▶ **Problem to solve**
Return the lines that run from the beginning of the entries to the line holding "Srebrny pierścionek z", inclusive, and drop the pictures.

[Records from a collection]

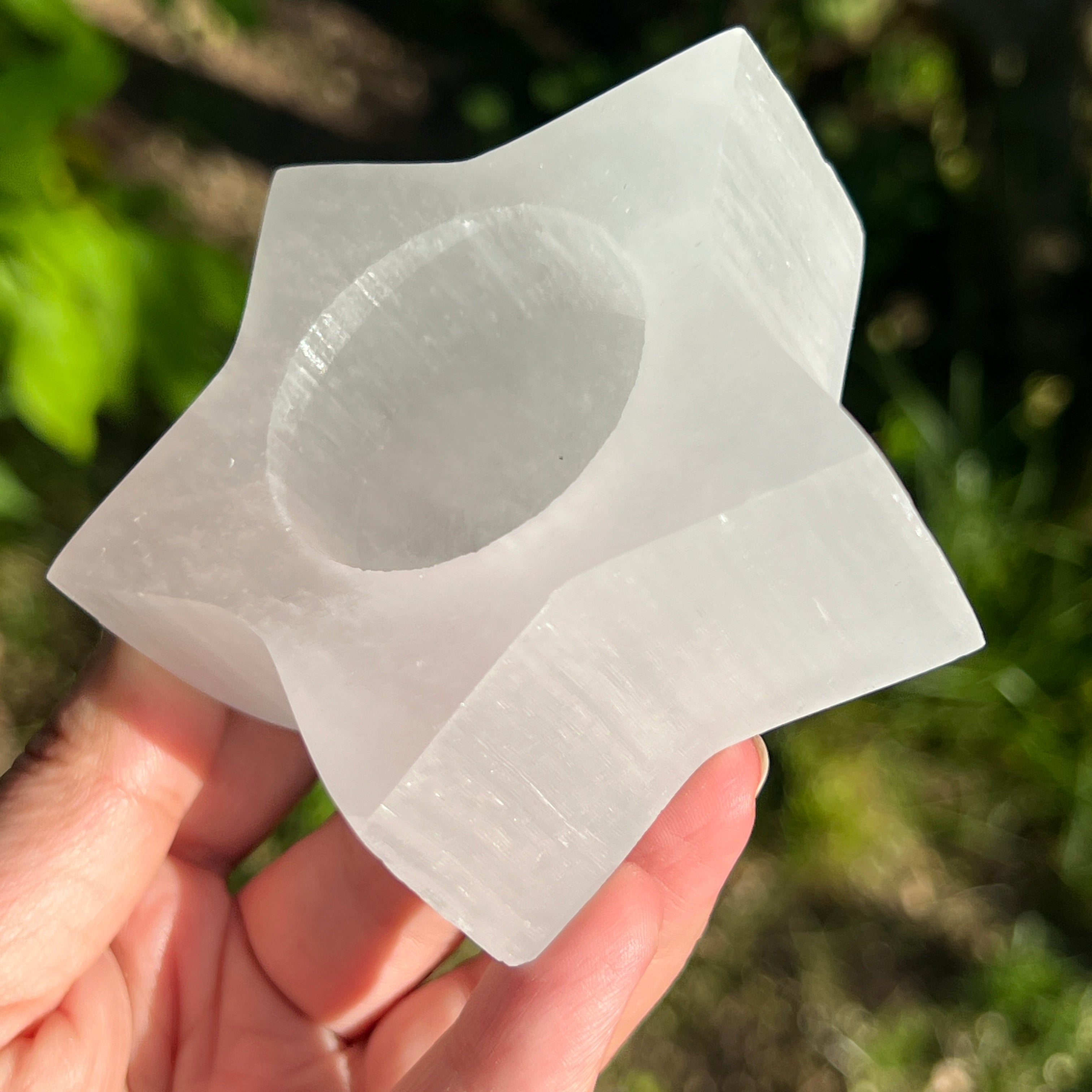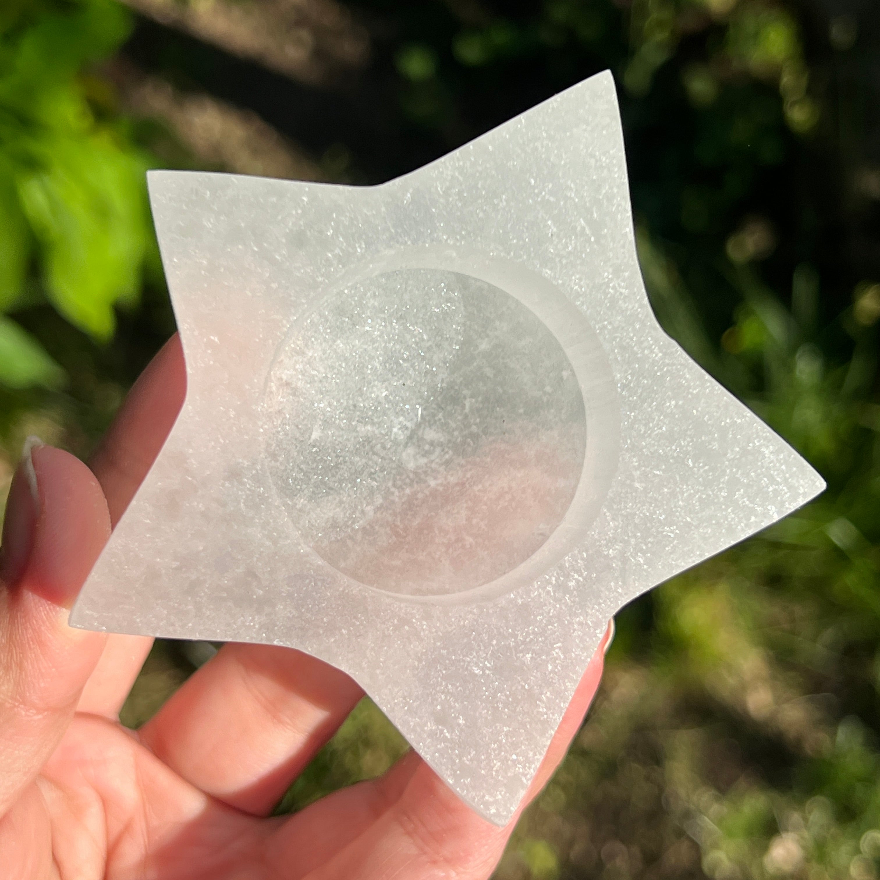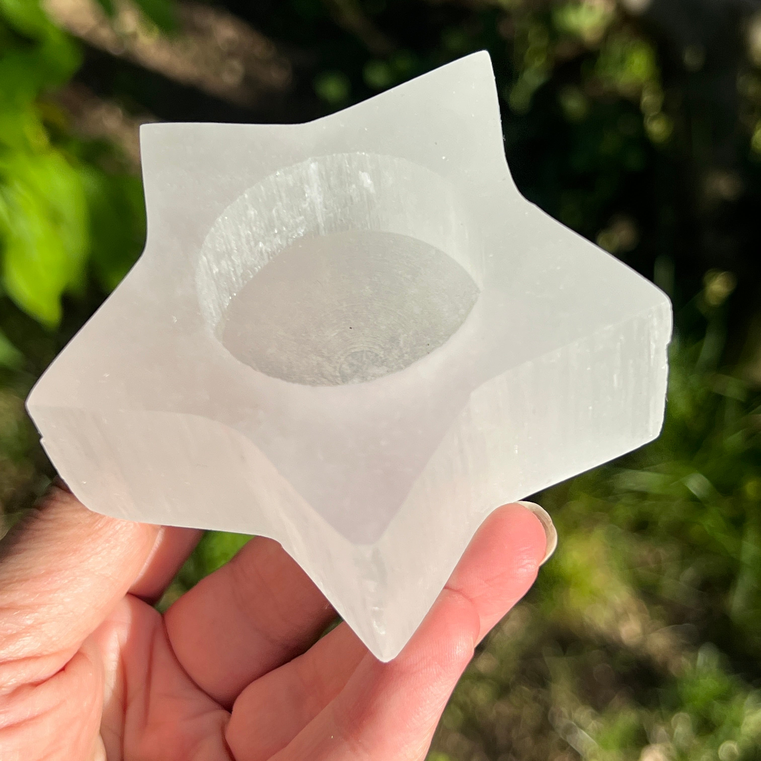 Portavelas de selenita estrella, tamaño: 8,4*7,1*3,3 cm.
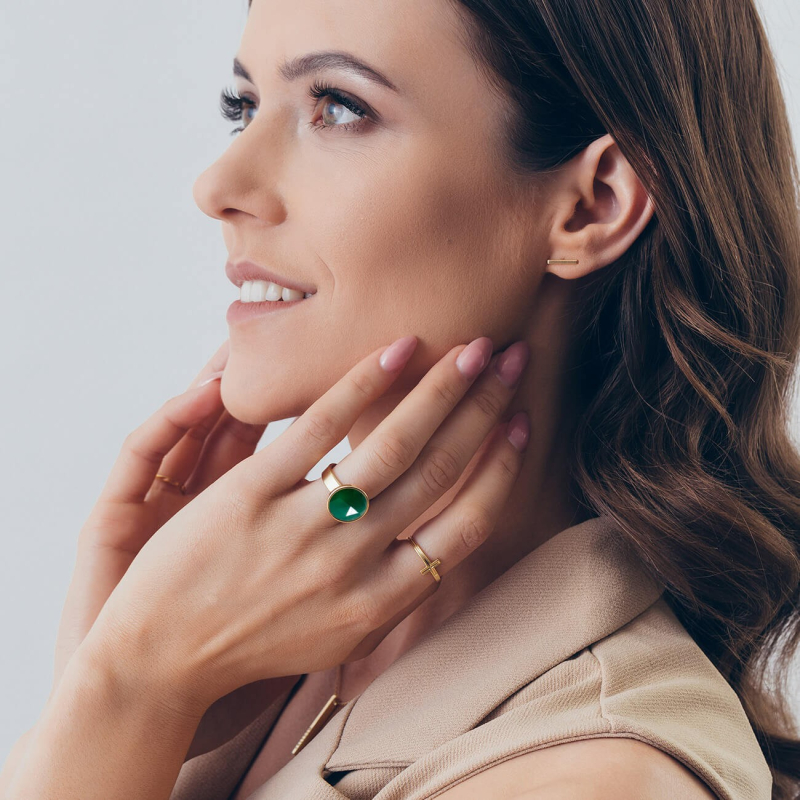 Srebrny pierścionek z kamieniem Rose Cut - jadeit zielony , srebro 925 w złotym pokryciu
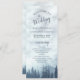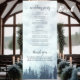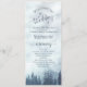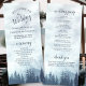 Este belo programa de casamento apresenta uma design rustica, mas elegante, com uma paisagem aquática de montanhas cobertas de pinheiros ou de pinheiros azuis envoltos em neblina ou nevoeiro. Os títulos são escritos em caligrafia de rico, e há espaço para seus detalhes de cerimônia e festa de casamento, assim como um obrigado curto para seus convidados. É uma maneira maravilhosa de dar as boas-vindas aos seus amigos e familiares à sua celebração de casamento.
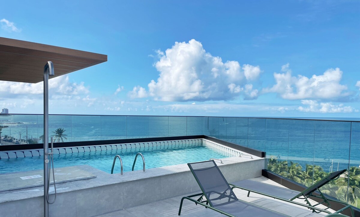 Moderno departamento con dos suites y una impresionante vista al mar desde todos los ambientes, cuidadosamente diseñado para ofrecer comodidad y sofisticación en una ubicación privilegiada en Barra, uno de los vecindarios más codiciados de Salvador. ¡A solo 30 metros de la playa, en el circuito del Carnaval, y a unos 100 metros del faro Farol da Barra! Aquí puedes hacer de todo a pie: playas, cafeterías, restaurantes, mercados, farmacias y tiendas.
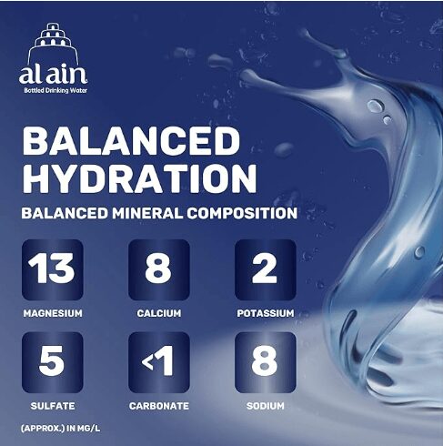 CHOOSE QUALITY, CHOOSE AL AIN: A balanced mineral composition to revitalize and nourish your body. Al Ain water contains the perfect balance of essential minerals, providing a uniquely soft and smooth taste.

▶ **Output of the exercise**
 Portavelas de selenita estrella, tamaño: 8,4*7,1*3,3 cm.
 Srebrny pierścionek z kamieniem Rose Cut - jadeit zielony , srebro 925 w złotym pokryciu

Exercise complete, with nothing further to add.